Unlike his sister, Oliver speeds through his bath, the duo joining us in the bedroom as I tug the llama pajama pants onto Evelyn.

The couple of hours before their bedtime are spent in the playroom, and I notice Dean frowning at his phone as it continues to ping with notifications. At one point, he either mutes or turns it off and shoves it in his pocket with a deep frown etched on his face.

The kids fall asleep rapidly as Dean reads them a story, Evelyn slumbering across his lap while Oliver’s head is tucked under Dean’s arm. Without thinking, I grab my phone and snap a picture of the trio, ignoring more of Prescott’s unread messages.

Downstairs, I pour myself another glass of wine and settle against the plush couch in the living room. Beyond the French doors is a screened-in deck running the expanse of the back of the house. I can’t wait to spend time out there in the summer.

Snap out of it, Lila.I need to keep reminding myself that this is not a permanent situation. Just something to tide me over until I can get a new research grant and find a facility.

But watching the sunset over the bay leaves an ache in my chest. I’ve missed the town and people here and how, even though everyone knows your business, they are the biggest supporters.

“Hey.” Dean settles onto the couch next to me with a glass of amber liquid. So lost in my own thoughts, I didn’t even hear him descend the stairs and enter the room.

“Hi. Did you get the kids settled?”

“Yeah,” he says, sipping his beverage. “Oliver asked when his mom was coming to see the new house.”

I nearly spit my wine out. “Oh, Dean.”

He turns toward me, and I see the pools of water lining his lower lids. “How do I explain to them their mom isn’t ever coming back? How do I tell them that drugs meant more to their mom than they did? How do I navigate any of this?”

The nurturing part of me, the part that loved being a nanny when I was in high school and enjoyed babysitting my siblings, broke free. Reaching out, I grasp his hand and intertwine his fingers with mine.

“Dean, just one step at a time. That’s the only thing you can do.”

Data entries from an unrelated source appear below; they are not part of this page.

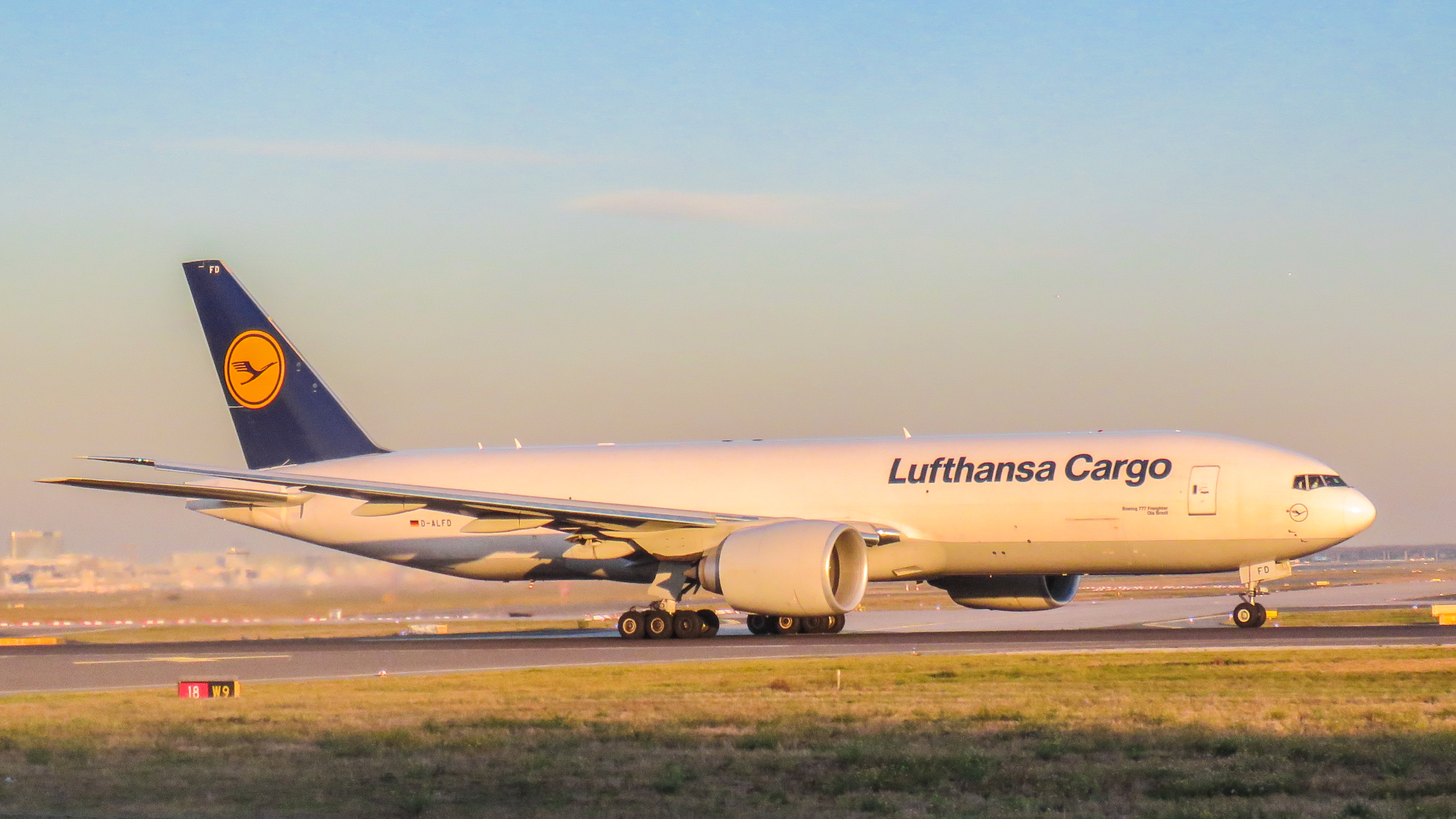 Lufthansa Cargo Boeing 777-FBT D-ALFD "Olá Brazil"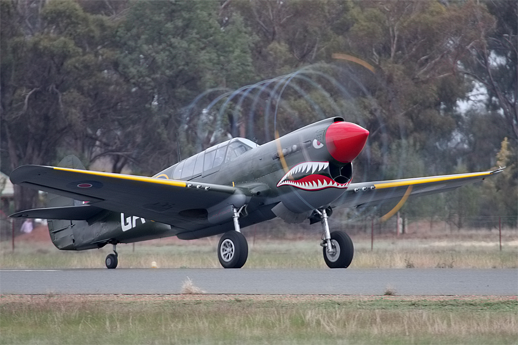 Unusual view of Propeller Tip Vortices being generated by P-40N1 Warhawk VH-ZOC at Temora in June 2009. Allan Arthur was taking off for a Formation Display with Temora Aviation Museum's Mk 16 Spitfire VH-XVI. Surprisingly, there were no vortices during the Spitfire's take-off, 30 seconds later. The P-40N is painted in RAF 112 Squadron green livery, with Code GA-Q. (The 'Shark Mouth' Nose Art makes the Warhawk look angry.)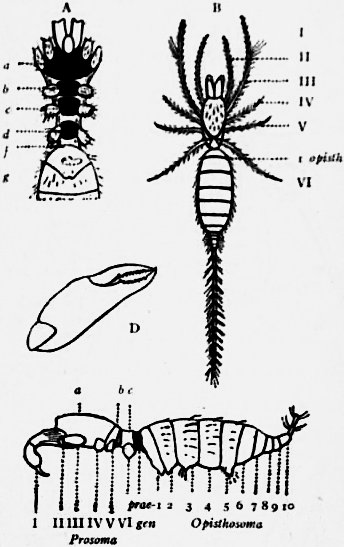 Koenenia mirabilis, Grassi, one of the Palpigradi. A, Ventral view of prosoma and anterior region of opisthosoma with the appendages cut off near the base; a and b, prosternites; c, mesosternite; and d, metasternite of the prosoma; f, ventral surface of the prae-genital somite; g, sternite of the genital somite (first opisthosomatic somite). B, Dorsal view. I to VI, prosomatic appendages; 1 opisth, genital somite (first opisthosomatic somite). C, Lateral view, I to VI, prosomatic appendages; a, b, c, the three tergal plates of the prosoma; prae-gen, the prae-genital somite; 1 to 10, the ten somites of the opisthosoma. D, Chelicera.(Original drawing by Pocock and Pickard-Cambridge, after Hansen and Sörensen.)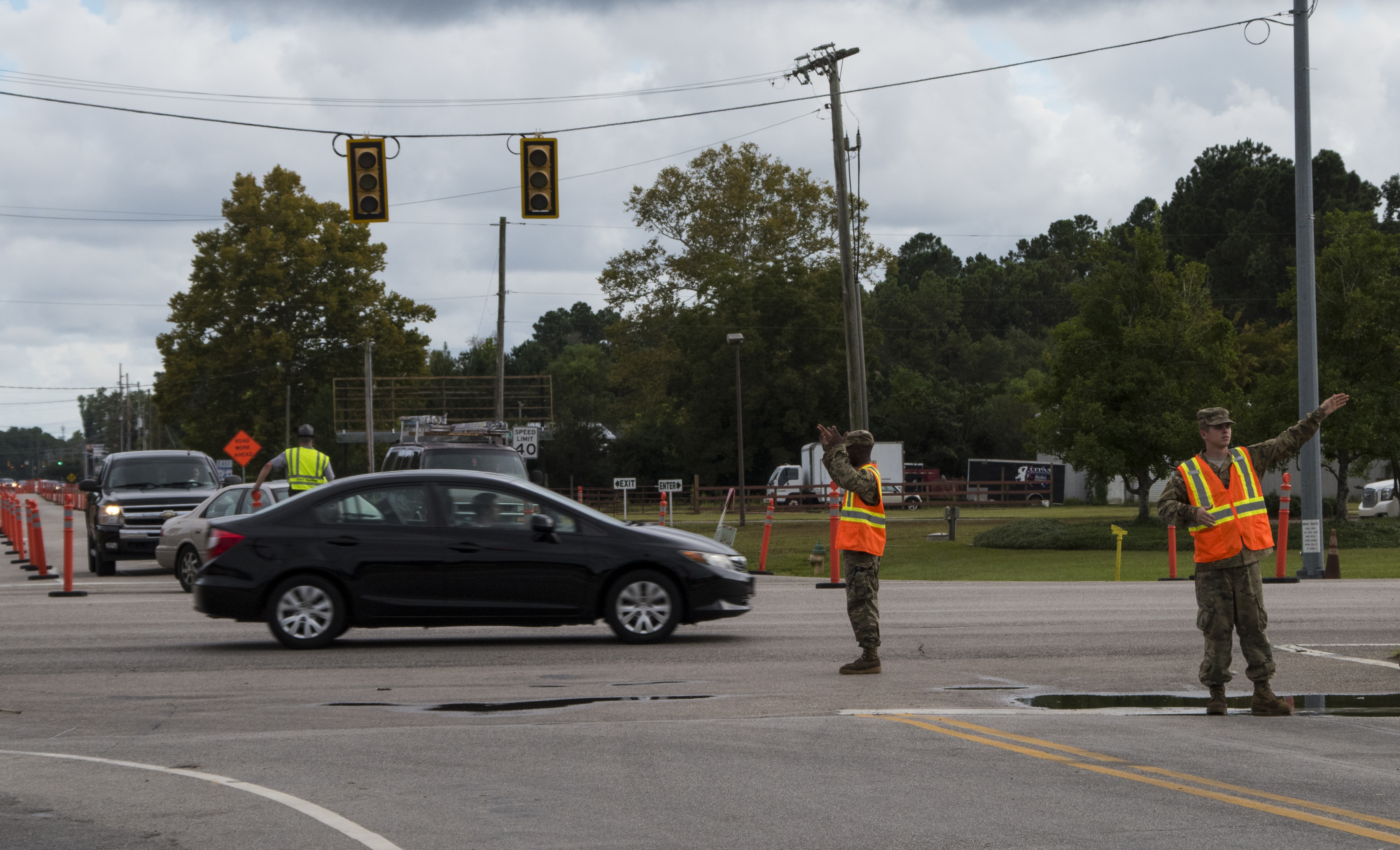 South Carolina National Guard Soldiers from B Battery, 1st of the 178th Field Artillery work with South Carolina Highway Patrol officers at a traffic control point in Conway, S.C. during the lane reversal of Highway 501 in support of the Myrtle Beach area evacuation to safeguard the citizens of the state in advance of Hurricane Florence, Sept. 11, 2018. Approximately 2,000 Soldiers and Airmen have been mobilized to prepare, respond and participate in recovery efforts for Hurricane Florence, a Category 4 storm, with a projected path to make landfall along the Carolinas and east coast. (U.S. Army National Guard Photo by Staff Sgt. Erica Knight, 108th Public Affairs Detachment)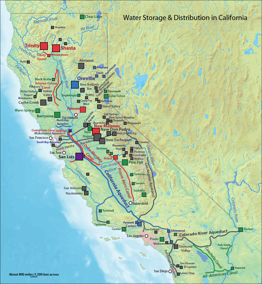 For use in Water in California, possibly other projects? California State Water Project (SWP) infrastructure Central Valley Project (CVP) infrastructure SWP–CVP shared infrastructure Other federally owned/operated infrastructure State and private infrastructure Bold letters and colored squares denote reservoirs Bold italic letters and colored (except light blue) lines denote canals/aqueducts Light blue lines denote rivers Large squares indicate reservoirs of over 2 million acre feet (1.6 km3) capacity Medium squares indicate reservoirs of 1–2 million acre feet (0.8–1.6 km3 Small squares indicate reservoirs of 250,000–1 million acre feet (0.3–0.8 km3) smaller squares indicate reservoirs of less than 250,000 acre feet (0.3 km3)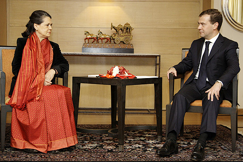 NEW DELHI. With Chairwoman of the Indian National Congress Party Sonia Gandhi.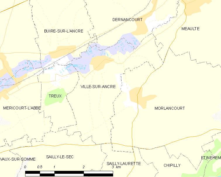 Map of French municipality Ville-sur-Ancre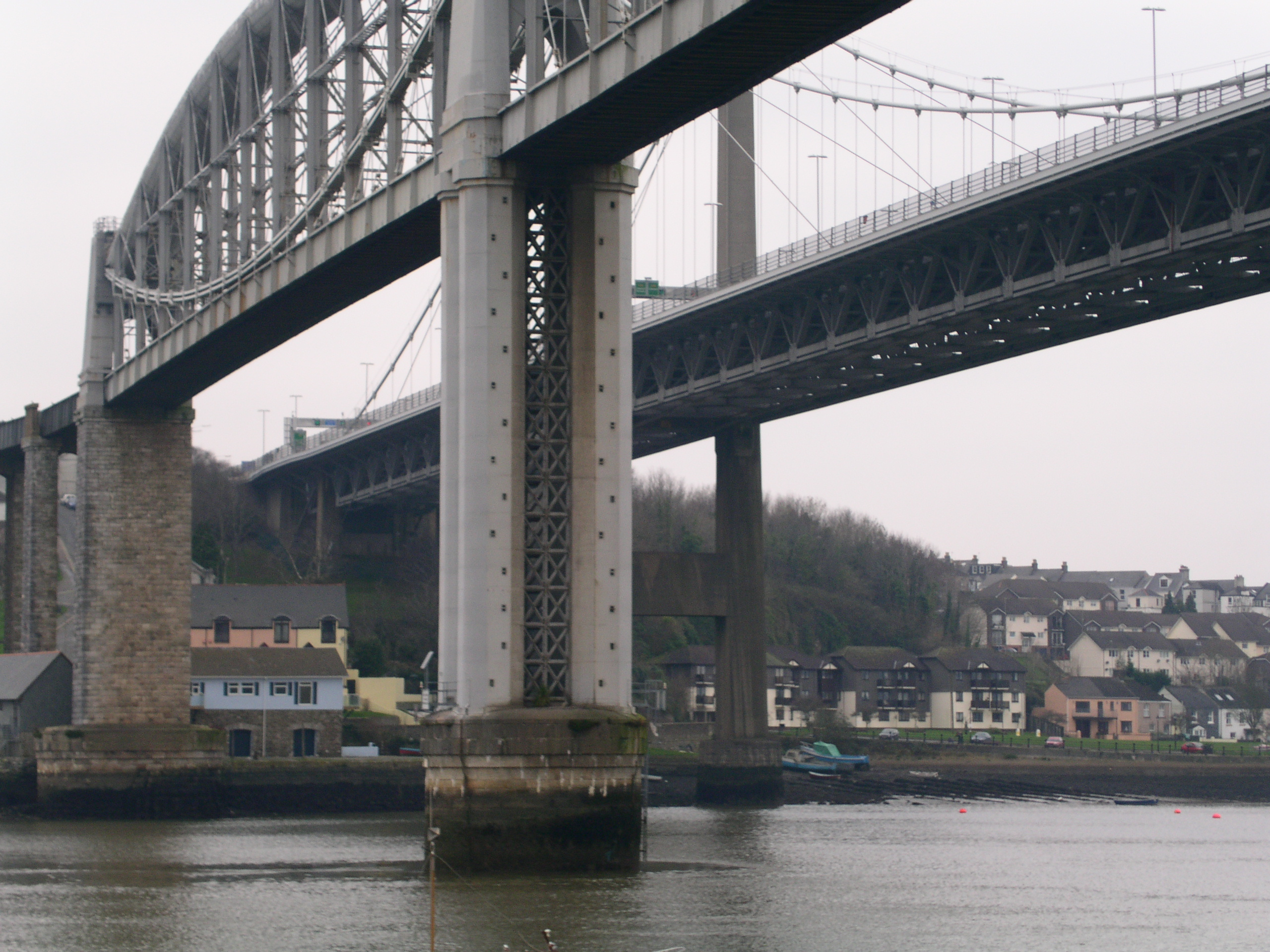 The central pier of the Royal Albert Bridge connecting Saltash, Cornwall and Plymouth, Devon viewed from the Plymouth slip of the former Saltash ferry on the Plymouth (since replaced by the Tamar Bridge)

“I never wanted this…being a father. The fun uncle? The one that sneaks treats after bed and plays hooky from school? That’s me. I’m not sure I can handle all this responsibility…but I want to try. I’m just…out of my element.”

“I think just questioning whether you’re capable of being a parent means you’re already on the right path to being one. No one can be prepared to answer the sort of questions you’ll face, Dean. Just answer honestly and help them understand that your sister had some flaws but loved them very much.”

“Did she, though?”

“I can’t answer that, but they adore you. You can do this, Dean, with or without my help.” I squeeze his hand gently and start to pull my hand away, but Dean tightens his grip as he settles onto the couch.

I hate to admit how good his hand feels against mine. Despite his silver-spoon upbringing, Dean’s hands are rough. My dad always said that was a clear sign of a hard worker.

The silence that grows between us isn’t uncomfortable, but the mood is still heavy, like a weighted blanket that’s not as cozy.

I twist on the couch, tucking one of my feet under my opposite knee. The selfish part of me doesn’t release Dean’s hand. I don’t think I could if I tried.

“So, Ashvi had some interesting things to say about you.”

Dean’s body tenses before he turns his face toward me. “Oh, really?”